X = mobile.drop(columns="price_range")
y = mobile["price_range"]

selector = SelectKBest(chi2, k=10)
X_selected = selector.fit_transform(X, y)

X_train, X_test, y_train, y_test = train_test_split(X_selected, y, test_size=0.2, random_state=42)

myMLP = MLPClassifier(max_iter=10000, hidden_layer_sizes=(200, 100, 20))
myMLP.fit(X_train, y_train)

y_pred = myMLP.predict(X_test)

accuracy = accuracy_score(y_test, y_pred)
precision = precision_score(y_test, y_pred, average="macro")
recall = recall_score(y_test, y_pred, average="macro")
f1 = f1_score(y_test, y_pred, average="macro")

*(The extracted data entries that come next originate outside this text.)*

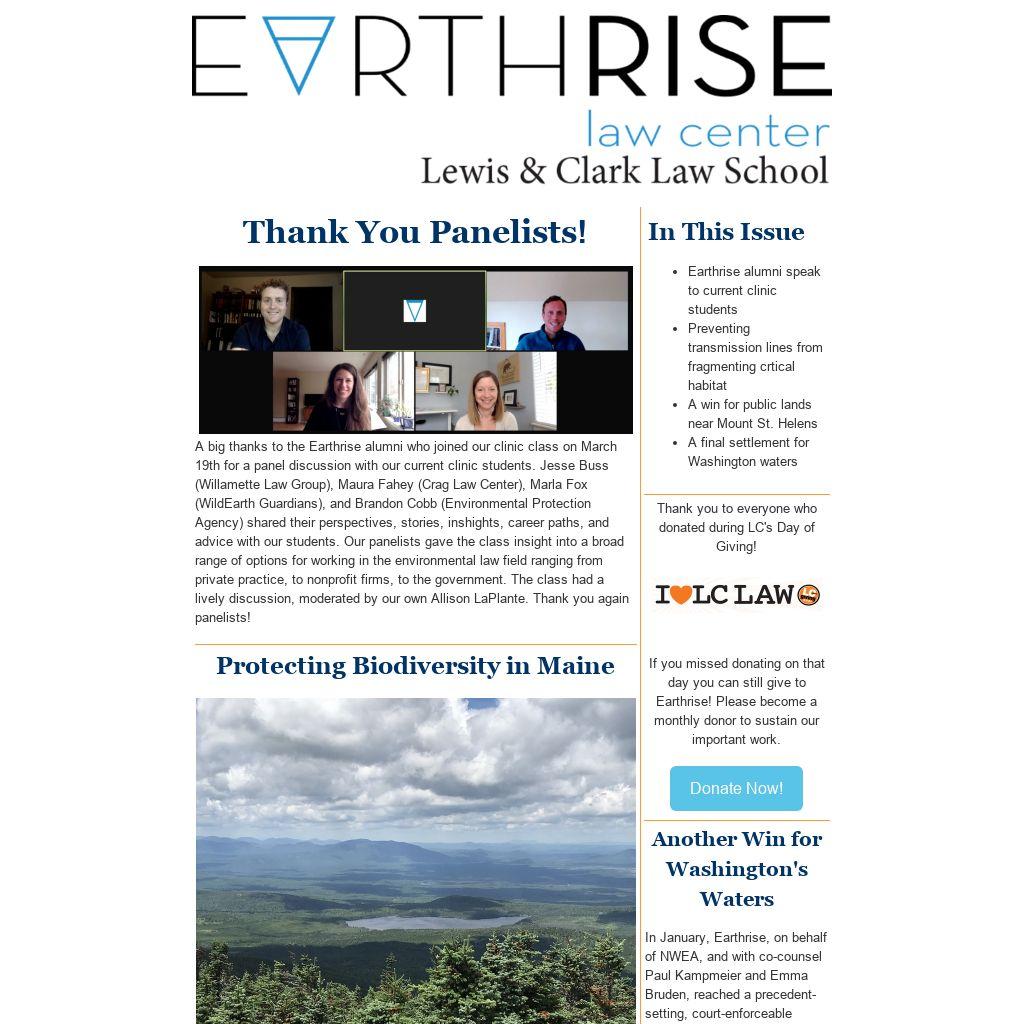 “For a substantially similar proposed transmission line through New Hampshire recently, the federal government did an Environmental Impact Statement, which allowed for robust public participation,” says Earthrise attorney Lia Comerford, who is working on the case with Kevin Cassidy. “But in Maine, the Corps and DOE chose to short circuit the environmental review process and their findings that a highly controversial project of this scope would not have significant impacts on the environment fell far short of meeting the relevant legal standard.”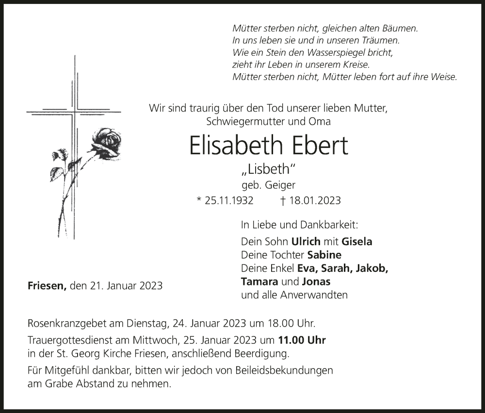 Hier finden Sie alle Traueranzeigen aus der Zeitung, die bisher für Elisabeth Ebert erschienen sind. Weitere Traueranzeigen, die in der Zeitung erscheinen, werden hier ebenfalls aufgelistet
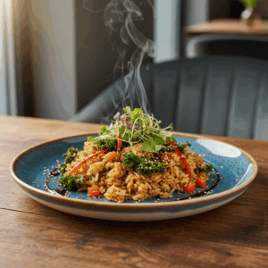 Gebratener Reis ist ein Gericht, das auf Effizienz und Geschmack ausgelegt ist. Diese Variante mit Grünkohl hebt den Klassiker auf eine neue Ebene, indem sie herzhafte, leicht erdige Noten mit dem tiefen Umami von Sojasauce und dem aromatischen Dreiklang aus Zwiebel, Knoblauch und Ingwer kombiniert. Das Ergebnis ist ein nahrhaftes und sättigendes Pfannengericht, das in unter 30 Minuten zubereitet ist. Dieser Beitrag liefert nicht nur die reinen Zubereitungsschritte, sondern erklärt die entscheidenden Techniken, die für eine perfekte Textur und ein ausgewogenes Aroma sorgen. Du erfährst, warum die Wahl des richtigen Reises fundamental ist und wie du durch die korrekte Hitzesteuerung maximale Röstaromen erzielst. Bereite dich darauf vor, gebratenen Reis technisch zu verstehen und konstant exzellente Ergebnisse zu erzielen.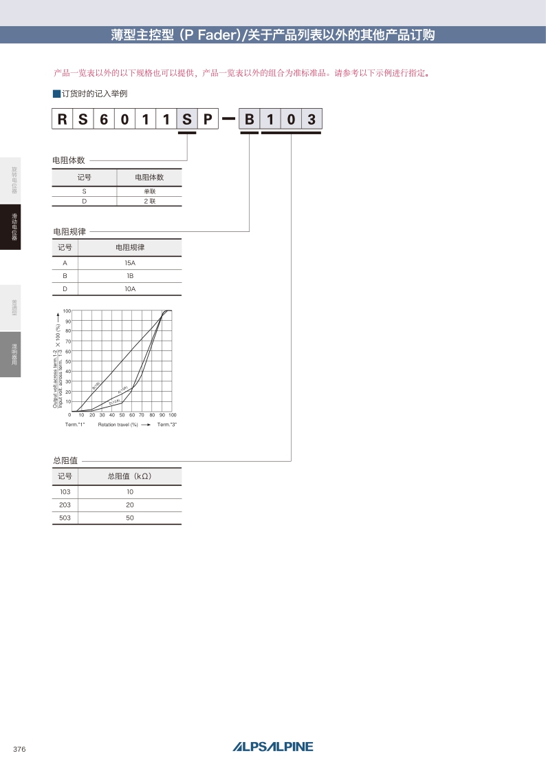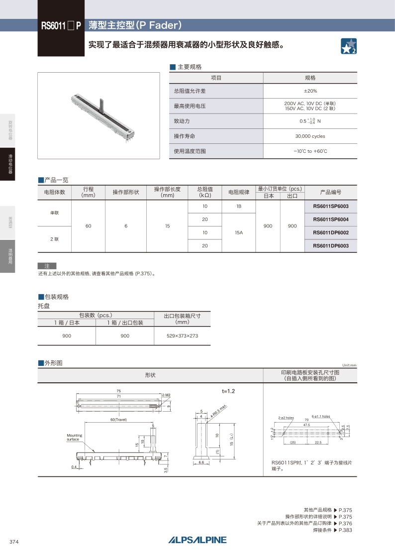 RS6011DP/RS6011SP系列——ALPS滑动电位器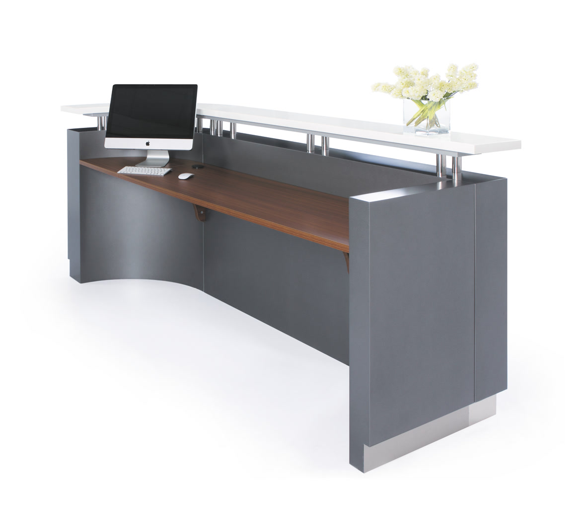 Executive J-Shaped Reception Counter – Metallic Grey LHS or RHS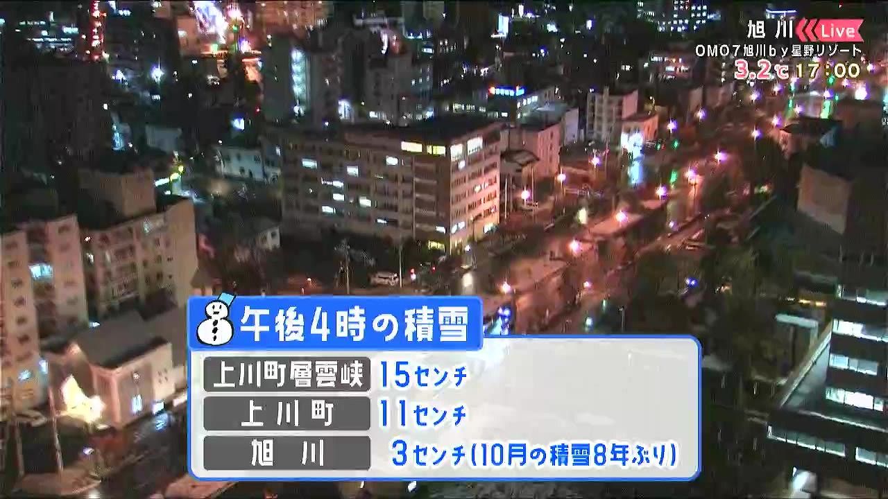 旭川では草の上に雪が残っていますね。雪や雨のピークは過ぎていますが、急に雪景色となりましたね。午後4時でも上川町内では10センチ以上の積雪が残っています。旭川は3センチで、10月としては8年ぶりに積雪を観測しています。
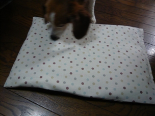 (定位置に敷くと、さっそく乗っかってリラックス)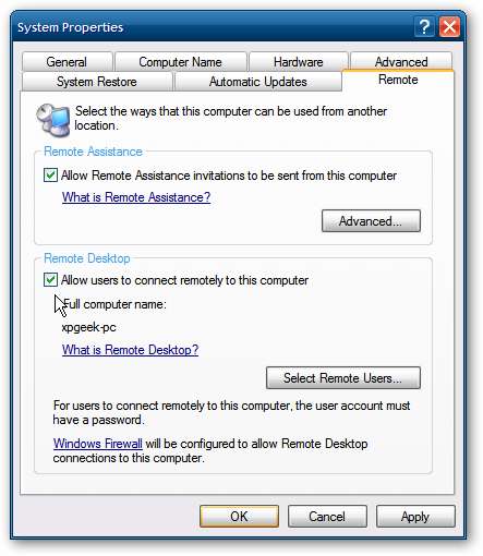 원격 데스크톱에서 XP를 활성화하는 것은 기본적으로 동일합니다. 내 컴퓨터를 마우스 오른쪽 버튼으로 클릭하고 속성을 선택하고 원격 탭을 클릭 한 다음 원격 데스크톱 섹션에서 옆에있는 상자를 클릭합니다. 사용자가이 컴퓨터에 원격으로 연결할 수 있도록 허용 .

table = PrettyTable(["Algorithm", "Accuracy", "Precision", "Recall", "F1"])
table.add_row(["MLP Classifier", accuracy, precision, recall, f1])
print(table)

+----------------+----------+--------------------+--------------------+--------------------+
|   Algorithm    | Accuracy |     Precision      |       Recall       |         F1         |
+----------------+----------+--------------------+--------------------+--------------------+
| MLP Classifier |  0.5175  | 0.6978951229548137 | 0.5372924629718108 | 0.5045679104656468 |
+----------------+----------+--------------------+--------------------+--------------------+


*   4.2. Apply **GridSearchCV** to **MultilayperPerceptron** to find the best hyperparameters (the setting of hyperparameters chosen by students)

In [None]:
#code
import pandas as pd
from sklearn.neural_network import MLPClassifier
from sklearn.model_selection import GridSearchCV, train_test_split
from sklearn.metrics import accuracy_score, precision_score, recall_score, f1_score

mobile = pd.read_csv("/content/sample_data/mobile.csv")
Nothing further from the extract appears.